I'd like to be able to personalize soaps with a stamp. Is there such a thing as a soap stamp on which the letters can be changed out?


----------



## TVivian (Dec 6, 2013)

Yes, I have two, one that does small letters and one that does larger. They can be found in the polymer clay section and the cake decorating section at michaels, hobby lobby, and as I just checked online it says they can be found at Wal mart.. But both can be ordered online. 




This is the larger one, it's made by "cake boss" and the letter can be stamped easily into soap the letters are about 3/4 inches tall so a short word can fit on a typical bar of soap


 these are the smaller type.
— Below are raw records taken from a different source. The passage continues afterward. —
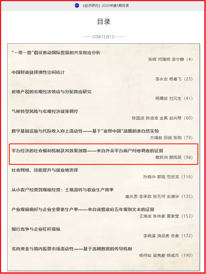 近日,我校北京研究院顾雨辰副教授与中国社会科学院蔡跃洲研究员合作完成的论文《平台经济的社会福利机制及其效果测算—来自外卖平台商户问卷调查的证据》在国内经济学顶级期刊《经济研究》2023年第5期正式发表。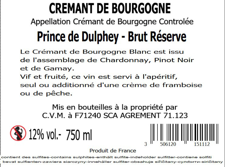 | Libellé | Crémant de Bourgogne AOP Vignerons de Mancey "Prince de Dulphey" - Brut - 75 cl |
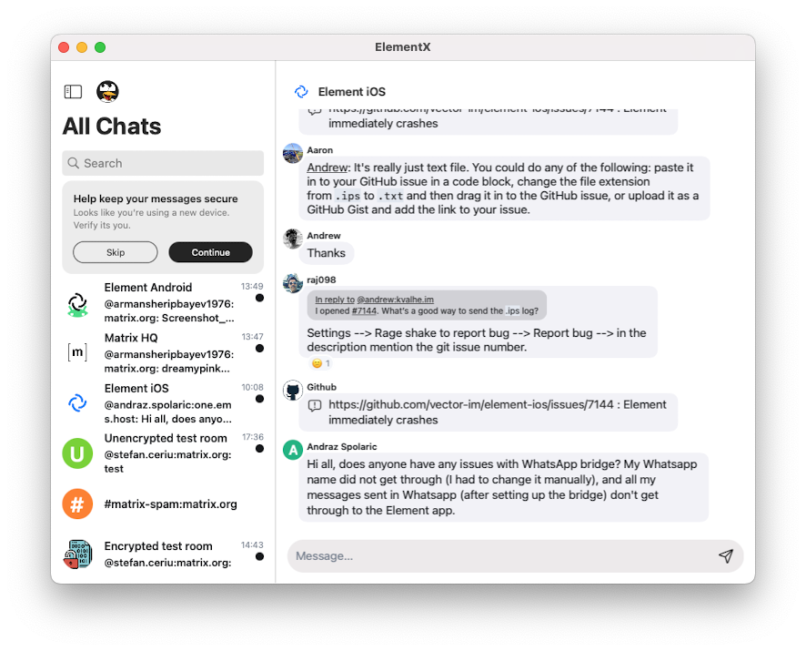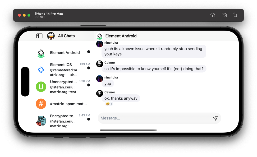 • We are making progress on ElementX, which is a new client using the Matrix Rust SDK and Jetpack Compose. This app is now able to display a timeline and send messages to a room using the wysiwyg composer.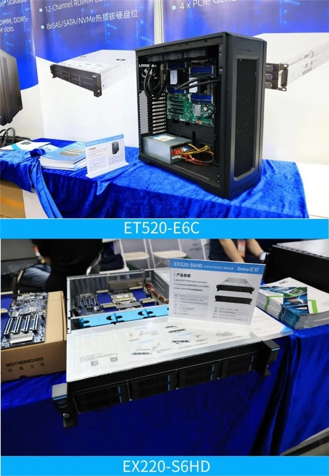 Enine亿玖是深圳市亿时空科技有限公司旗下主推的服务器品牌,多年来致力于服务器定制化服务,主要针对大数据、云计算、云存储、超融合、物联网、集群、人工智能、深度学习、边缘计算等应用,提供基础硬件设备和一体式解决方案。在本次展会中,Enine亿玖展示了其自主研发的服务器和相关解决方案。亮相的高性能计算服务器EX220-S6HD搭载的是AMD EPYC 9004系列处理器,塔式液冷服务器ET520-E6C搭载的是5th/4th Gen Intel Xeon系列处理器,全方位呈现了Enine亿玖在数据存储及高性能计算等领域的最新研究成果,以满足不同企业的数字化转型需求。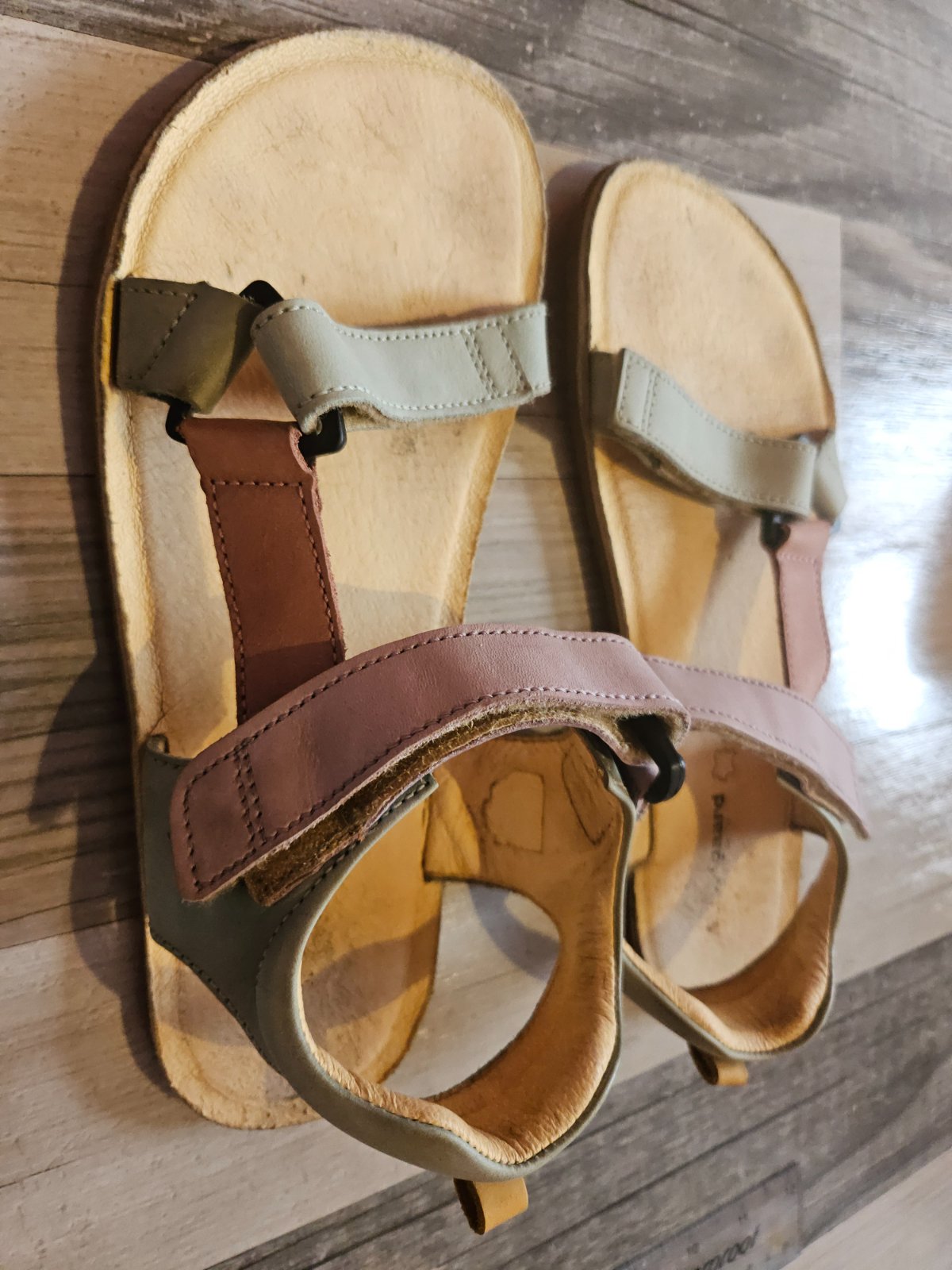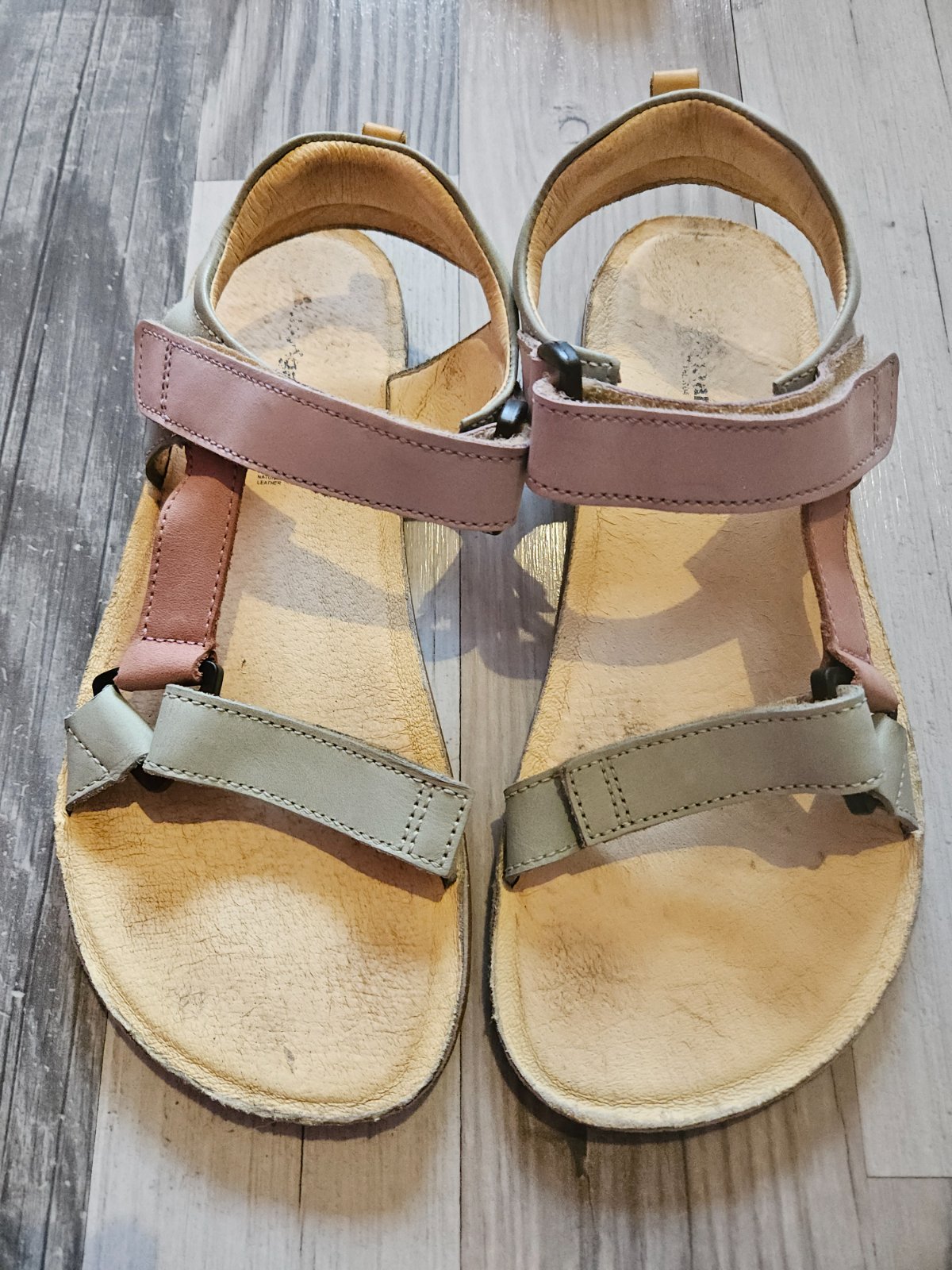 Druhýkrát kúpené, pohodlné kožené sandále. Celková dĺžka je 26,2cm, pozri na fotkách. PC cca 70eur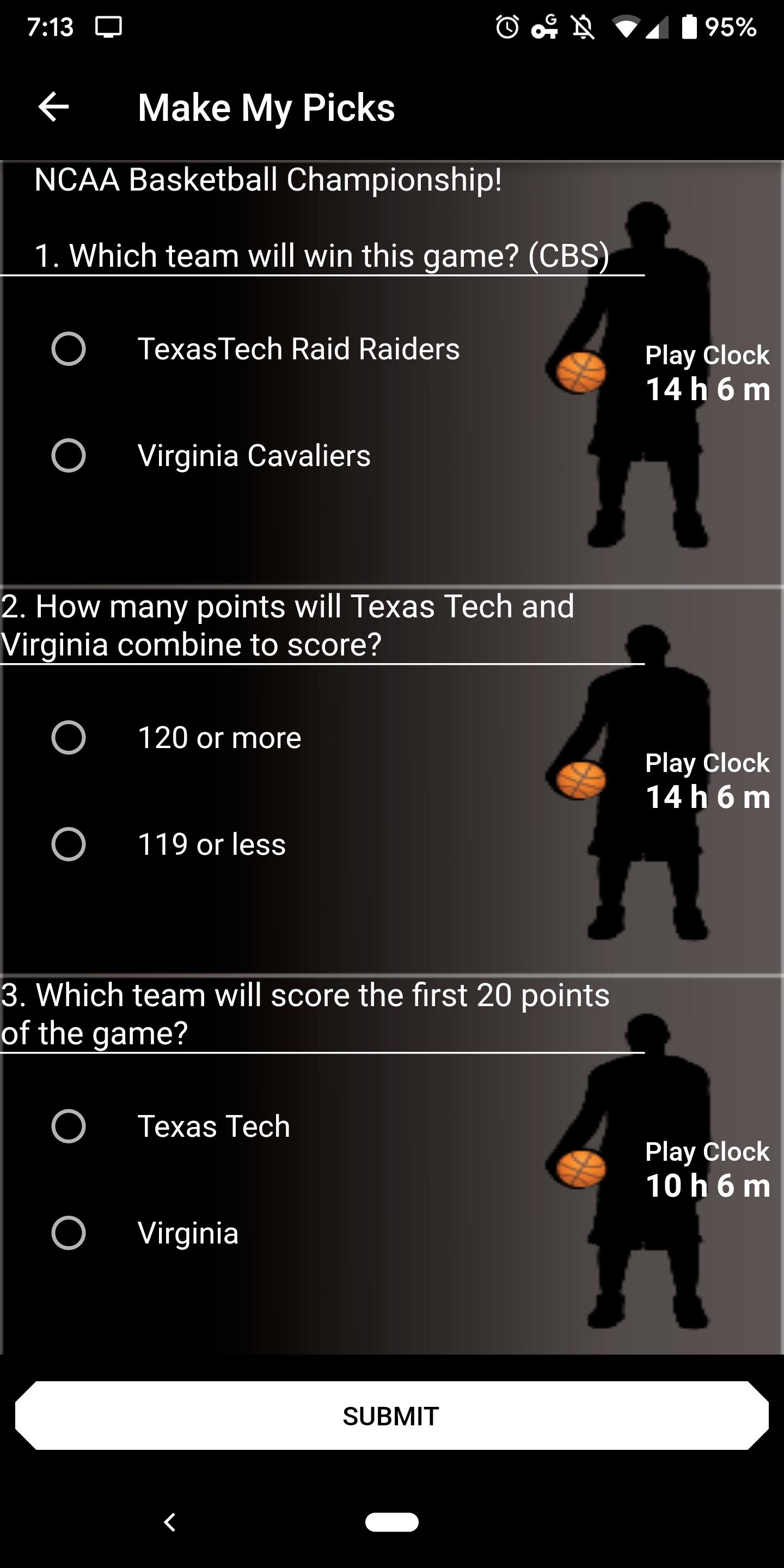 ·จะมี 12 คำถามต่อวันที่เกี่ยวข้องกับการแข่งขันกีฬาในวันนั้นและพวกเขาจะมีช่วงตั้งแต่ที่ทีมจะชนะจำนวนคะแนน/การวิ่งจะได้คะแนนและข้อเสนอที่หลากหลาย คำถามตัวอย่างอาจเป็น:

The soap has to be cured but still slightly soft and I have some trouble getting the "A" to turn out perfectly.


----------



## TVivian (Dec 6, 2013)

Here are some soaps I stamped to gift to some friends.


----------



## goteeguy (Dec 6, 2013)

Very nice... I might have to take a look for those.  :smile:


----------



## ourwolfden (Dec 7, 2013)

Wow, that is really cool, I had no idea that was out there.


----------



## Jencat (Dec 16, 2013)

Uh oh.  Something else I didn't know I needed :smile:


----------